Environment: Puppet, OpenStack, Maven, Chef, ANT, WebLogic Application Servers, Agile SDLC, Jenkins, Docker, Hudson.
Client: KTree Computer Solution (P) Ltd Jun 2015 – Mar 2016
Location: Hyderabad, India.
Role: Linux System Administrator
Responsibilities:
Monitoring log in Linux servers, including processes, crash and swap management, with password recovery and performance tuning.
Gathering requirements from business users and Design and Development of the application.
Worked on Unit testing and Integration testing for the developed requirements.
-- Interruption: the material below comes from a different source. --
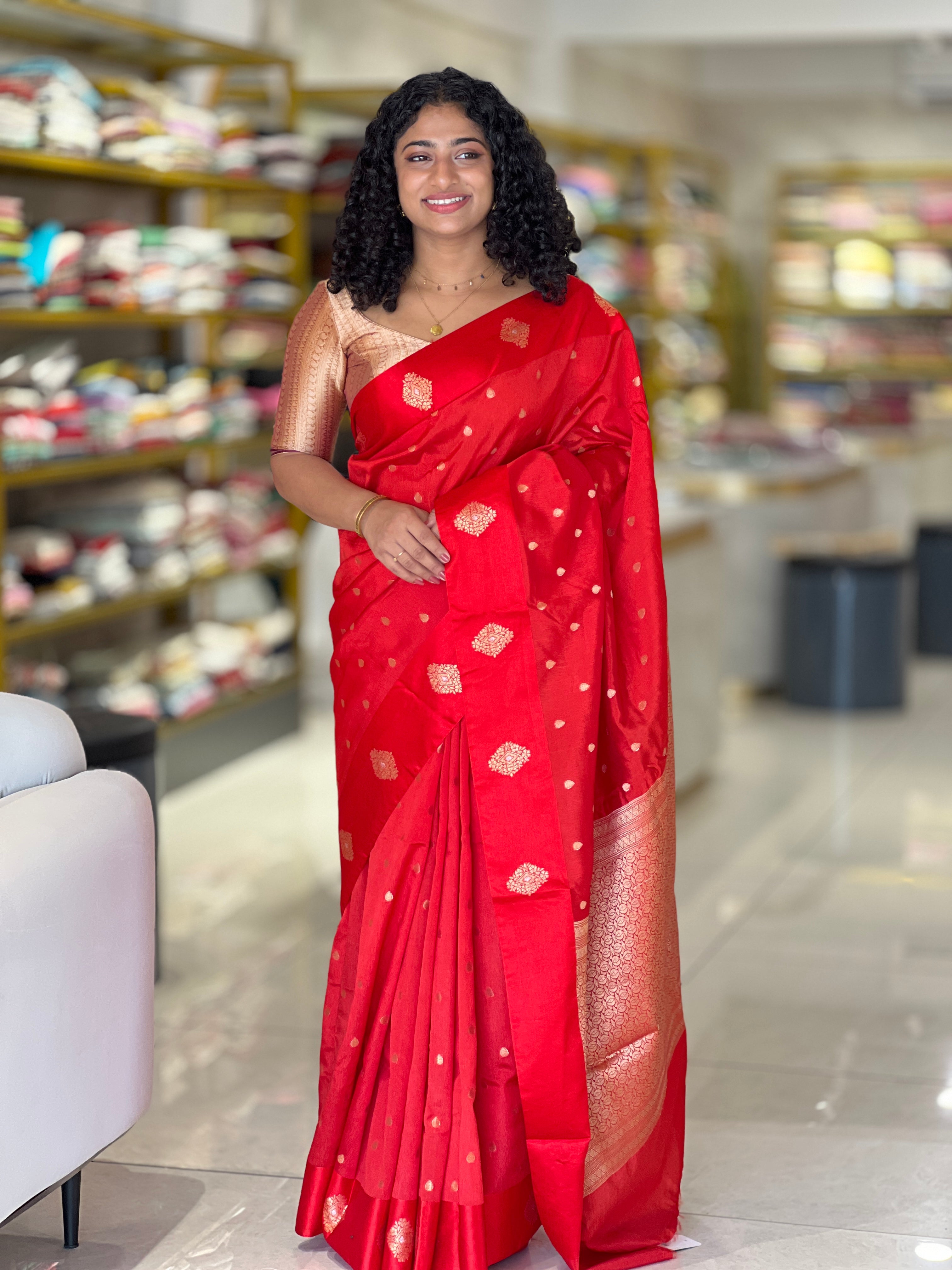 • Style: Banarasi Pattern, Satin Weaved Borders, Scattered Gopi Butas, Zari Weaved Geometric Patterned Pallu

Installation, Configuration & Upgrade of Solaris and Linux operating system.
Wrote shell scripts for various system tasks such as back-ups, collecting and sorting logs, installation and monitoring.
Used tool for managing system configurations, creating and push profiles to new servers.
Build, installed, configured Red Hat Linux servers in a data center environment.
Configured iptables firewall and hardening Linux systems for system security.
Installed, configured, and maintained services such as DNS, DHCP, NFS, Apache Web Server, Samba, SSH, RPM, and YUM Repository.
Administered Nagios monitoring tools for servers monitoring and incident alerts.
Upgraded Red hat Linux OS on WebSphere and Oracle database servers from V3, V4 to V5. Monitored servers, switches, ports etc. with Nagios monitoring tool.
Installation and configuring Samba server on Solaris 9, RedHat Linux, and CentOS and mapping to the Windows 08 server.
Setup LDAP Client services on Linux Servers.
Involved in installing OS, software, monitoring performance, applying patches, and troubleshooting alerts.
Created Disk volumes, Volume groups and Logical volumes (LVM) for Linux operating systems. Installed and Configured Apache Tomcat Web Server.
Installed, maintained, and finetuned the Apache-Tomcat server and WebSphere Application Server in Linux Platform.
Worked and managing shared ss files system, mounting and un-mounting NFS server, NFS client on a remote machine, sharing remote file folder, starting and stopping the NFS services.
Environment: RedHat Enterprise Linux 5.x/4.x, Solaris 9, LVM, Oracle, WebSphere, MySQL, DNS, NIS, NFS, ClearQuest, Apache Tomcat, TCP/IP, IP addressing & Subnetting, routing.
EDUCATION: Master’s in Engineering Management from Trine University.